TASK DESCRIPTION. Below this sentence is a listing; return exactly its lines from the one with "artboxONE - Typografie" to the one with "Tisztelt Emlékezők! Én", both kept, and nothing more.

-- LISTED ENTRIES follows --

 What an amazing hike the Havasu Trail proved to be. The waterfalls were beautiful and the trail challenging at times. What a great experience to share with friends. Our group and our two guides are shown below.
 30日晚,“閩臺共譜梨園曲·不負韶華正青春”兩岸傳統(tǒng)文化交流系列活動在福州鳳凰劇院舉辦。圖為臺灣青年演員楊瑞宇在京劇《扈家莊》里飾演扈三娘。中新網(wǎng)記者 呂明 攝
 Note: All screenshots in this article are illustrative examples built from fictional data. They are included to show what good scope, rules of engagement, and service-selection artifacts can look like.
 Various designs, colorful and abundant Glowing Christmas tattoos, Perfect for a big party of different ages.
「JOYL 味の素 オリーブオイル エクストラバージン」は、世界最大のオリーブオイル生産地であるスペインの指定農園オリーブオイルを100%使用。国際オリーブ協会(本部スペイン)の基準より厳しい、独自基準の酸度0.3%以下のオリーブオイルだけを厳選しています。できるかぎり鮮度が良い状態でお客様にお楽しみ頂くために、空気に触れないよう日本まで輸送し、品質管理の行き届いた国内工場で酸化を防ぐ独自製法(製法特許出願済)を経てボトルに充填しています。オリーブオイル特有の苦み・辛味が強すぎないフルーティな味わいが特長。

-- LISTED ENTRIES concluded --
-- LISTED ENTRIES follows --

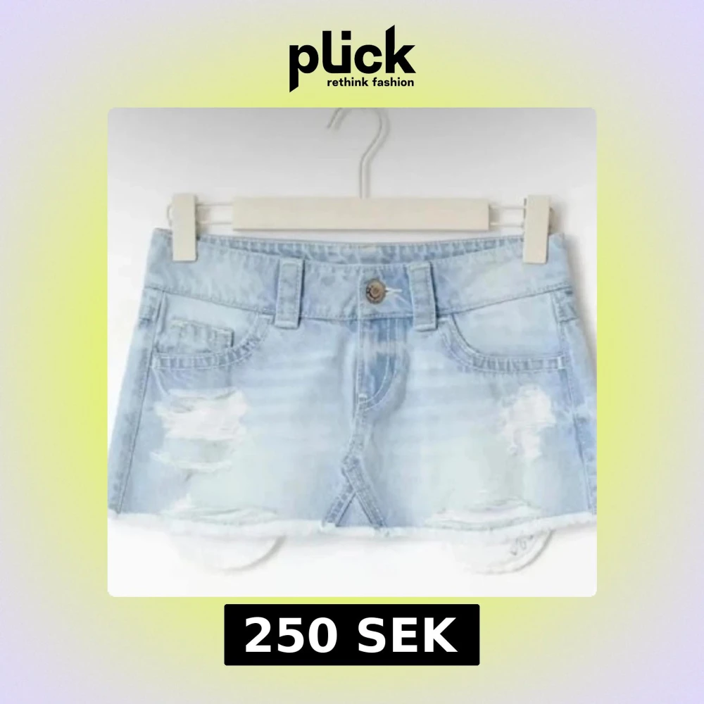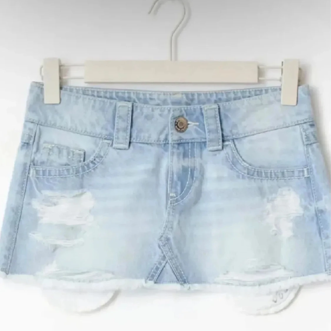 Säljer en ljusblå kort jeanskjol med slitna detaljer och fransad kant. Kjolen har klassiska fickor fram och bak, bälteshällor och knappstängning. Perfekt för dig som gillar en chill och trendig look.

-- LISTED ENTRIES concluded --
-- LISTED ENTRIES follows --

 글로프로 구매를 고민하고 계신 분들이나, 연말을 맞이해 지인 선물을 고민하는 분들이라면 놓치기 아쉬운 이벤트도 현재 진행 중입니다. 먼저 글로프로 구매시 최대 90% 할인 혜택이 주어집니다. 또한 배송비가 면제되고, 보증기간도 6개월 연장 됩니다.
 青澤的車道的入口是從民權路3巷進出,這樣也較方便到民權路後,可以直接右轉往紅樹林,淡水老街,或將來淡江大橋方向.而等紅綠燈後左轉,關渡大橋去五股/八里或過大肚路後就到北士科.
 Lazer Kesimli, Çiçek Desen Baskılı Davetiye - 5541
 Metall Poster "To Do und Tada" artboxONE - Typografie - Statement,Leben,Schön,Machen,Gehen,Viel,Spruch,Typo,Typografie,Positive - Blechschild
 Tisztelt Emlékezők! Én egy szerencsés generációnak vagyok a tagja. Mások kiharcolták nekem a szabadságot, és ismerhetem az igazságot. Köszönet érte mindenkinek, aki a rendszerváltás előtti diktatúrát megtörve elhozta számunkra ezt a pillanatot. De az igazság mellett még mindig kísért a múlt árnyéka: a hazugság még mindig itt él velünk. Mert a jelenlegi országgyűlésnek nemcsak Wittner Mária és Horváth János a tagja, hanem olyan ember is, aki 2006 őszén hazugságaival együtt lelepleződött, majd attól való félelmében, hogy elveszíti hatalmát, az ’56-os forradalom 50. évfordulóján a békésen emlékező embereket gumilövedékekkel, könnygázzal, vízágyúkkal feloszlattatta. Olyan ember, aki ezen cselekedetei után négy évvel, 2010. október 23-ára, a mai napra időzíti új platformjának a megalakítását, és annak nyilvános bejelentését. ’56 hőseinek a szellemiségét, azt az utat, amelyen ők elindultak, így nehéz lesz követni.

-- LISTED ENTRIES concluded --

RESULT.
 Metall Poster "To Do und Tada" artboxONE - Typografie - Statement,Leben,Schön,Machen,Gehen,Viel,Spruch,Typo,Typografie,Positive - Blechschild
 Tisztelt Emlékezők! Én egy szerencsés generációnak vagyok a tagja. Mások kiharcolták nekem a szabadságot, és ismerhetem az igazságot. Köszönet érte mindenkinek, aki a rendszerváltás előtti diktatúrát megtörve elhozta számunkra ezt a pillanatot. De az igazság mellett még mindig kísért a múlt árnyéka: a hazugság még mindig itt él velünk. Mert a jelenlegi országgyűlésnek nemcsak Wittner Mária és Horváth János a tagja, hanem olyan ember is, aki 2006 őszén hazugságaival együtt lelepleződött, majd attól való félelmében, hogy elveszíti hatalmát, az ’56-os forradalom 50. évfordulóján a békésen emlékező embereket gumilövedékekkel, könnygázzal, vízágyúkkal feloszlattatta. Olyan ember, aki ezen cselekedetei után négy évvel, 2010. október 23-ára, a mai napra időzíti új platformjának a megalakítását, és annak nyilvános bejelentését. ’56 hőseinek a szellemiségét, azt az utat, amelyen ők elindultak, így nehéz lesz követni.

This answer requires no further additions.